- [PROVIDED ENTRIES]:
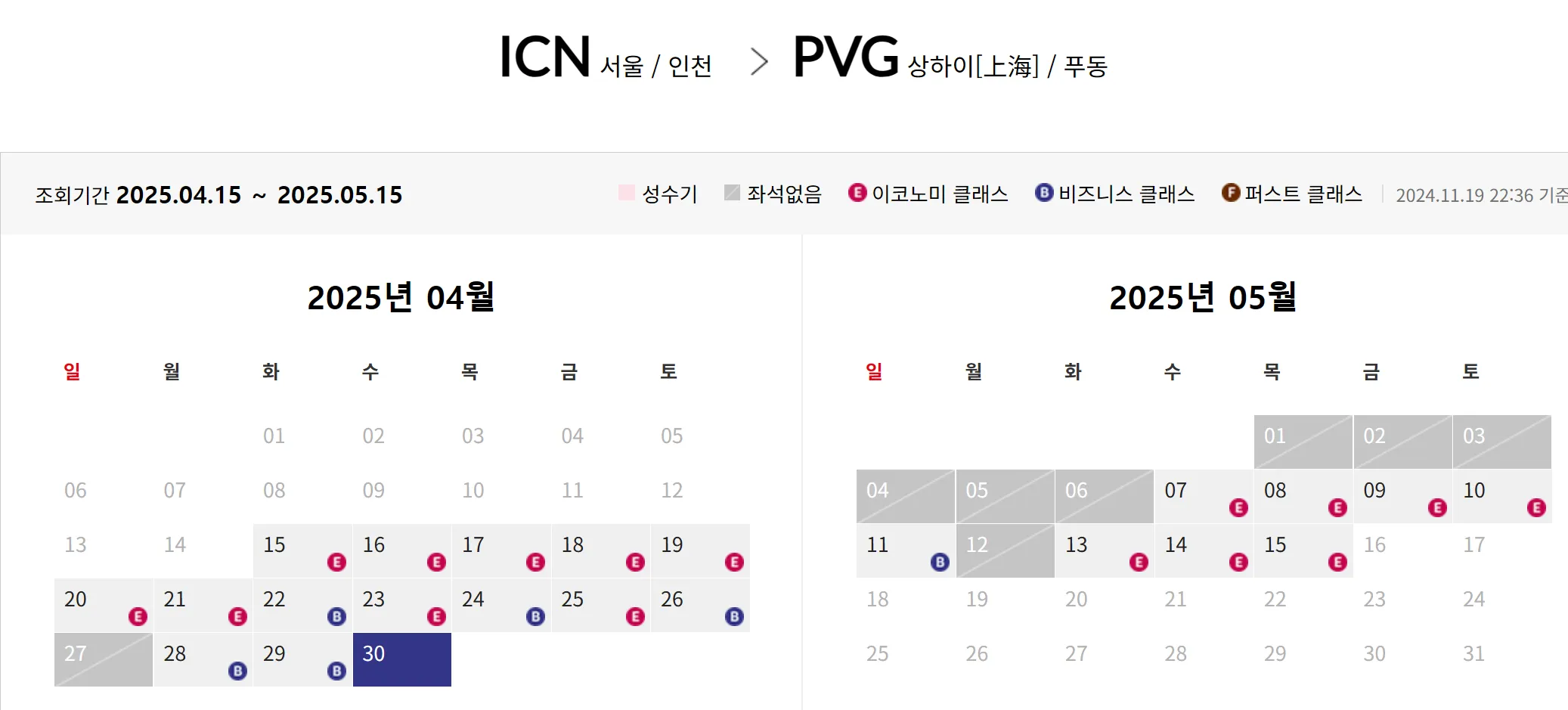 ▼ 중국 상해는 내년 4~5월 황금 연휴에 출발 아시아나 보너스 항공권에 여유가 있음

...

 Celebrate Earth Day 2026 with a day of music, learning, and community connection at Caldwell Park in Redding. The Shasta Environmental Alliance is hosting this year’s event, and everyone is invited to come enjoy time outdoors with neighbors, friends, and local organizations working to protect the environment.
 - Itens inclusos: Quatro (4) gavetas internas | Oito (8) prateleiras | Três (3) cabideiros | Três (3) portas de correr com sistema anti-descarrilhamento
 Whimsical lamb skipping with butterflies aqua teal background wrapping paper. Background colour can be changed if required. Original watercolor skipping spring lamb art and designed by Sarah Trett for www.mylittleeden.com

--

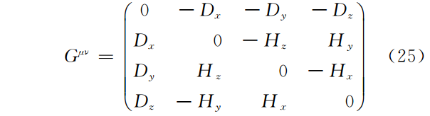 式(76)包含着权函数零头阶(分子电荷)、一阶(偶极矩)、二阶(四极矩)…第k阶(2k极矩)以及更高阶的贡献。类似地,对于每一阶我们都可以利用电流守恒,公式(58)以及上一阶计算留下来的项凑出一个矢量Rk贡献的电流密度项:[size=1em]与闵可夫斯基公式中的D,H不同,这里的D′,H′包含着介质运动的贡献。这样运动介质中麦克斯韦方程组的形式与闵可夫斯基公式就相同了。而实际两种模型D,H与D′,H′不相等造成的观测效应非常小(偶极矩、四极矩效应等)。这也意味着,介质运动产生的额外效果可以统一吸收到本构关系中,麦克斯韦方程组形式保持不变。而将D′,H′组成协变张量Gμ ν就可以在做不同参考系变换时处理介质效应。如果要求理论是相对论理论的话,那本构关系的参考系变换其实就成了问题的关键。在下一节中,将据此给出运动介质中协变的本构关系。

- [WHAT YOU NEED TO DO]: Copy out each line of the data above, exactly, if it lies between the line holding "- Itens inclusos: Quatro" and the line holding "Whimsical lamb skipping", inclusive; copy no other line.

- [TASK SOLUTION]:
 - Itens inclusos: Quatro (4) gavetas internas | Oito (8) prateleiras | Três (3) cabideiros | Três (3) portas de correr com sistema anti-descarrilhamento
 Whimsical lamb skipping with butterflies aqua teal background wrapping paper. Background colour can be changed if required. Original watercolor skipping spring lamb art and designed by Sarah Trett for www.mylittleeden.com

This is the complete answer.